The directional gyro is aligned to the correct heading by pilot input. To keep the directional gyro (DG) pointing to the true heading, the pilot must realign it while on the ground using a known reference like the runway heading. Before takeoff, the pilot sets the DG to the runway heading. A knob on the front of the instrument is pushed in to lock the gimbals, letting the pilot rotate the gyro and card until the number opposite the lubber line agrees with the magnetic compass.
In flight, drift caused by earth-rate and aircraft movement over the curved surface of the earth makes the reading wander, so the common heading indicator does require periodic adjustment. The normal procedure is to realign the direction indicator once every 10-to-15 minutes. When correction is needed, the pilot again pushes the knob, locking the gimbals and allowing the card to be rotated until the lubber-line number matches the current magnetic compass reading. Releasing the spring-loaded knob instantly disengages the gimbals so the gyro again free-spins with the aircraft.
How do you replace a directional gyro?
To replace a directional gyro, begin by unpacking carefully. Remove the directional gyro from the shipping container. Position the replacement unit in the standard 3 1/8 inch (7.94 cm) panel cutout used by the RCA15 Series, then slide the instrument forward until the bezel seats flush. Directional gyro installation requires inserting the gyro into the instrument panel cutout. Secure it with brass instrument screws. The screws are normally tightened until snug, as over-torque will distort the case and bind the gimbals.
Installing replacement gyro is done in reverse order of removal: disconnect the pneumatic or electrical lines, loosen the captive nuts, withdraw the old unit, fit the new unit, reconnect the lines, and perform a leak and slippage check. Directional gyro is installed according to the aircraft manufacturer's instructions. These instructions specify hose routings, torque values, and the instrument resets before performing maneuvers of any kind.

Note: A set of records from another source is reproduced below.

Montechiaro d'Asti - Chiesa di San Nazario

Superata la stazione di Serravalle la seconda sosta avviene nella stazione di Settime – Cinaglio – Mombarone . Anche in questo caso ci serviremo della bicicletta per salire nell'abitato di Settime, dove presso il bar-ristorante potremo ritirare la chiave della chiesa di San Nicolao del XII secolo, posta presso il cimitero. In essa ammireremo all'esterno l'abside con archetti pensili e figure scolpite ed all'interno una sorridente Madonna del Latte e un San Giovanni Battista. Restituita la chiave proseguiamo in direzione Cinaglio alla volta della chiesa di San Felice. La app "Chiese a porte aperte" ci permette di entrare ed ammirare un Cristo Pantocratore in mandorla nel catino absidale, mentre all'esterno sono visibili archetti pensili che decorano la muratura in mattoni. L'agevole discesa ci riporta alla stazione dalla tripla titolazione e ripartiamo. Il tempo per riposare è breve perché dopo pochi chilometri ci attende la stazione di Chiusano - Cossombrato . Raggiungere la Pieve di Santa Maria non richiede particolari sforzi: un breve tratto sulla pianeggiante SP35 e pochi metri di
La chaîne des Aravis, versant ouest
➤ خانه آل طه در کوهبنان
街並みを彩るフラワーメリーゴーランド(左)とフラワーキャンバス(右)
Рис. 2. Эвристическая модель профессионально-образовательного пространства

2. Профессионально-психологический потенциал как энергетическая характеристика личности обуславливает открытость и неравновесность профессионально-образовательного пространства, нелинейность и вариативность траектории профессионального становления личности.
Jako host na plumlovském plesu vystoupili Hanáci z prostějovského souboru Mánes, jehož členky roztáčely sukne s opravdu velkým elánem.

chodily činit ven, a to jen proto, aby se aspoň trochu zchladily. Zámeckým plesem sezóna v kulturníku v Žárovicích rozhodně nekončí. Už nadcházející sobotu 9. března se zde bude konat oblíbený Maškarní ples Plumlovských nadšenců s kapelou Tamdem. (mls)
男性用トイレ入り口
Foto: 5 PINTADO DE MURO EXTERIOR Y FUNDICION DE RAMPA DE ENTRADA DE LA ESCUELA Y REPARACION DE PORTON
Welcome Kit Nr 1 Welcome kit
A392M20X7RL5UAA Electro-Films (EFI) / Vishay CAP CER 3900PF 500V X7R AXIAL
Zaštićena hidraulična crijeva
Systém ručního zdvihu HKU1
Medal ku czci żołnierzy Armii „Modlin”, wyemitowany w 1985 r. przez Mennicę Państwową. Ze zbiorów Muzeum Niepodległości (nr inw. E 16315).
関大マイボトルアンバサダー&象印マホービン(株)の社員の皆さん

If the gyro is shot, your choices are four: get it repaired, get it overhauled, get an exchange unit, or buy new. Most malfunctioning gyros can be repaired and returned to service. Overhauling the gyro involves replacing the 4 gimbal bearings with 4 new bearings featuring a titanium carbide coating. Gyro overhauls incorporate relevant service bulletins. Operators include the relevant SB as part of the next gyro overhaul, because service bulletins replacing gimbal bearings are recommended and extend life characteristics. During reassembly, replace the clean and inspected bearings in their recesses. Bearings must fit their recesses with no more than finger pressure. Add one drop of gyro instrument oil to each bearing.

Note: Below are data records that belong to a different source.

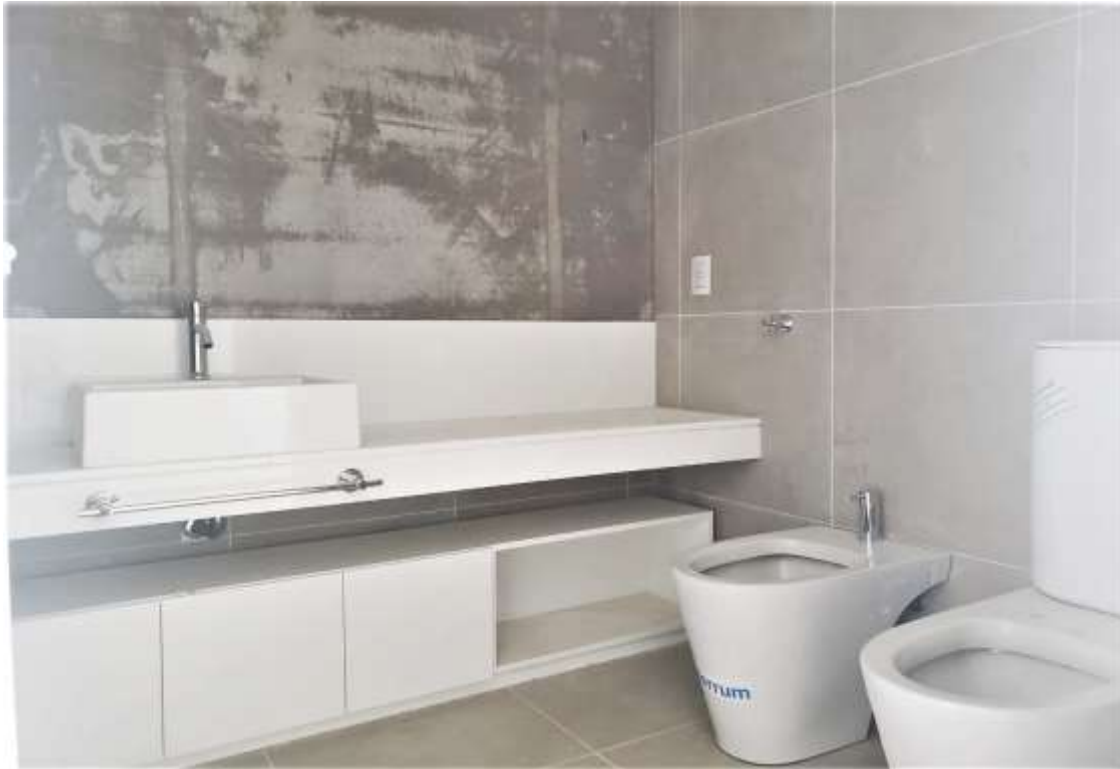
Piso 19°. Baño Secundario
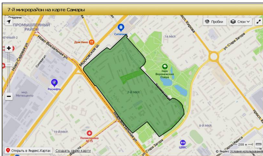
Рис. 1. Седьмой микрорайон на карте Самары (Электронный ресурс)

Физико-географическая характеристика района исследования. Территориально 7 микрорайон расположен в границах ул. Ново-Вокзальной, ул. Стара-Загора, ул. Воронежской, Московского шоссе (Рис. 1). С северо-восточной стороны микрорайон граничит с территорией парка «Воронежские озёра».
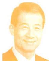
参議院議員 (民進党) 真山勇一氏
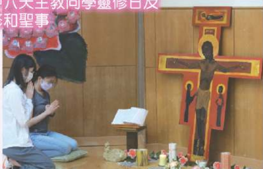
中六天主教同學靈修日及 修和聖事
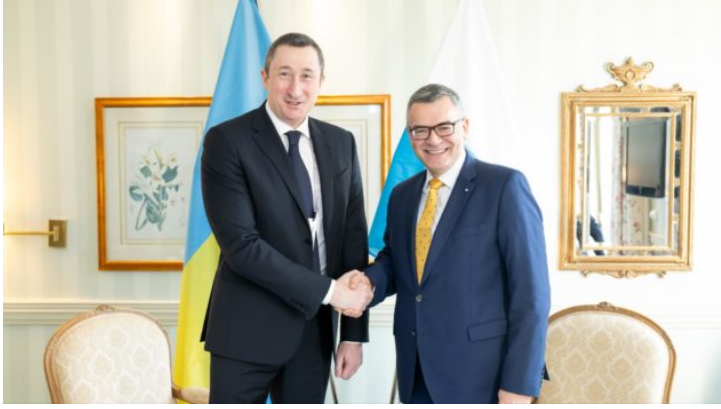
Мюнхенська безпекова конференція ...
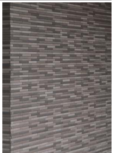
サブエントランスタイルディテール
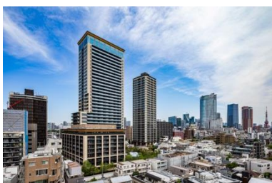
パークウェルステイト西麻布

2024 年秋に一挙 3 物件の開業を予定しています。シリーズ最高峰 ※5 のフラッグシップ物件となる「パークウェルステイト西麻布（東京都港区）」は、ブランドシリーズ内で初となる都心立地物件です。都心でありながらも美しい水景や豊富な自然が広がるこだわりの外構に加えて、帝国ホテルが提供するレストラン等、おもてなしを尽くしたサービスと設備を備えています。また、「パークウェルステイト幕張ベイパーク（千葉県千葉市美浜区）」は都心から 30 分の交通利便性と、ショッピング施設・スタジアム・ホテル等多彩な商業施設が揃い、海や広大な公園が至近と恵まれた生活環境を享受できるパークウェルステイトシリーズ史上最大規模のレジデンスとなります。さらに神奈川県初となる「パークウェルステイト湘南藤沢 SST」は「湘南コミュニティ Life」のコンセプトのもと、湘南らしさを随所に取り入れ、人と人とのつながりを感じられる場と機会の創出を意識した作りになっており、生き生きとした暮らしをお楽しみいただけるレジデンスとなっております。
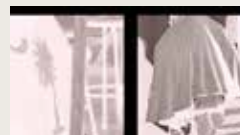
ALL THESE ARID PLACES - CHRONICLE ONE K. S. TEHARA 00:00:56
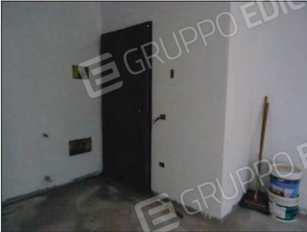
Vista dell'ingresso sul soggiorno.
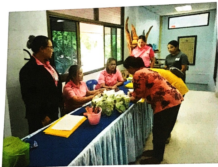
ลงทะเบียน รับเอกสาร พร้อมอาหารว่าง
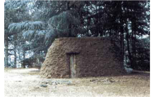
“Museum of coalmen” Cetica, Tuscany, Italy

I started replacement of the gyro only after assuring the aircraft's electrical infrastructure is powered down. I unplug the multi-pin coupling, take out board screws, and elevate the former unit without harm to the dashboard or adjoining devices. I clear the mounting region and adjust the new gyro into place. I reconnect the electrical coupling and tighten panel screws.
Jim GoodrichPilot, Airplane Broker and Founder of Tsunami Air
What is the history of the heading indicator?
Early development of the heading indicator began when inventor Lawrence Sperry tested attitude indicators in 1916 as part of the military's push for instrument flight during World War I. Sperry constantly conceived innovative flight instruments and personally tested them, establishing the foundation for gyroscopic flight instruments.
Jim GoodrichPilot, Airplane Broker and Founder of Tsunami Air
The late 1920s saw the adoption of gyroscopic flight instruments, leading to attitude and heading indicators introduced in the early 1930s. In 1929 aviator Jimmy Doolittle made the first takeoff-to-landing instrument flight using a Sperry artificial horizon, demonstrating the practical application of these instruments. By World War II attitude indicators were common in military aircraft, proving their reliability under demanding conditions.